The number of people that hear a rumor follows logistic growth. In a school of 1500 students, 5 students start a rumor. After 2 hours, 120 students have heard about the rumor.
Recall: dy/dx=ky(1-Y/L) and y=L/(1+be^(-kt))
I found the logistic growth equation to be 1500/(1+299e^-1.628548519t)
What is the rate of growth when the rumor is spreading the fastest?
y = 1/(1+be^kt)
y' = kbe^kt/(1+be^kt)^2
y' will be greatest when y" = 0
y" = k^2be^kt(3e^kt-1)/(1+be^kt)^3
so, that will be when t = -1/k ln3
In this case, when t = 1.48
To find the rate of growth when the rumor is spreading the fastest, we need to find the maximum value of dy/dt (rate of growth) by finding the critical points of the logistic growth equation.
1. Start by finding the derivative of the logistic growth equation with respect to time (t), dy/dt:
dy/dt = d/dt (1500/(1+299e^-1.628548519t))

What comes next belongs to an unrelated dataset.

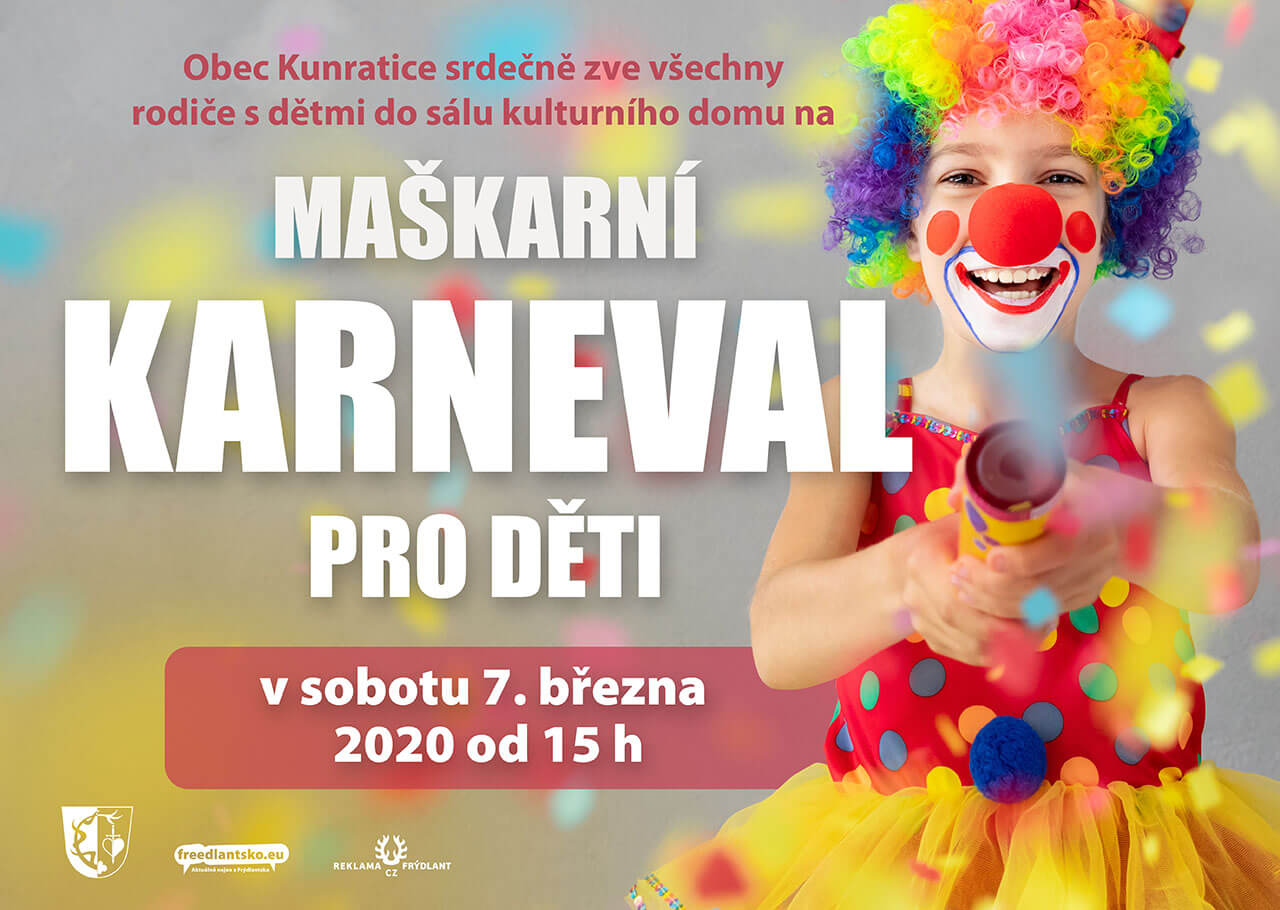 Obec Kunratice srdečně zve všechny rodiče s dětmi do sálu kulturního domu v sobotu 7. března 2020 od 15 h na Maškarní karneval pro děti.

2. Apply the quotient rule to find the derivative:
dy/dt = (0 - 1500 * d/dt(1+299e^-1.628548519t))/(1+299e^-1.628548519t)^2
3. Simplify:
dy/dt = -1500 * (-299 * e^-1.628548519t) / (1+299e^-1.628548519t)^2
dy/dt = (448500e^-1.628548519t)/(1+299e^-1.628548519t)^2
4. To find the critical points, set dy/dt equal to zero and solve for t:
(448500e^-1.628548519t)/(1+299e^-1.628548519t)^2 = 0
448500e^-1.628548519t = 0 (Since the denominator is always positive)
e^-1.628548519t = 0 (Divided both sides by 448500, which is non-zero)

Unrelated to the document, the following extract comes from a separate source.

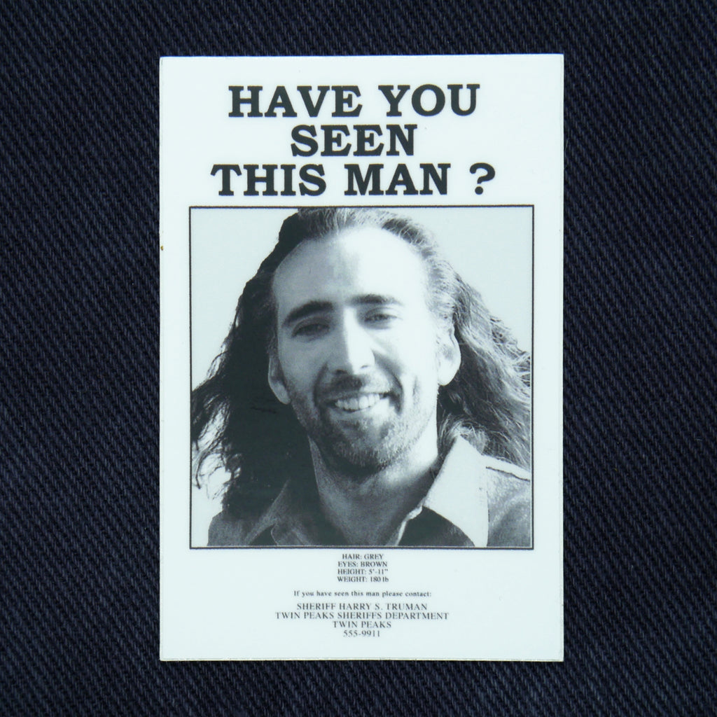 Have you seen the man? The one and only Nicolas Cage, wanted by Twin Peaks. Make sure all your friends know who to look out for with this vinyl sticker. Put it on your laptop, water bottle, or wall - wherever you can find a laugh!

e^-1.628548519t = 0 is not solvable since the exponential function never equals zero.
Therefore, there are no critical points for dy/dt, meaning the rate of growth is always changing and there is no single point where the rumor is spreading the fastest. The rate of growth is continuously increasing until it reaches a maximum value but never stops changing.
To find the rate of growth when the rumor is spreading the fastest, we need to find the value of t at which the derivative of the logistic growth equation is maximum.
Recall that the derivative of y with respect to t (dy/dt) represents the rate of growth. Therefore, we need to find the value of t that maximizes dy/dt.
Let's differentiate the logistic growth equation with respect to t:
dy/dt = d/dt [1500/(1 + 299e^(-1.628548519t))]
To find the maximum, we need to set d(dy/dt)/dt = 0 and solve for t.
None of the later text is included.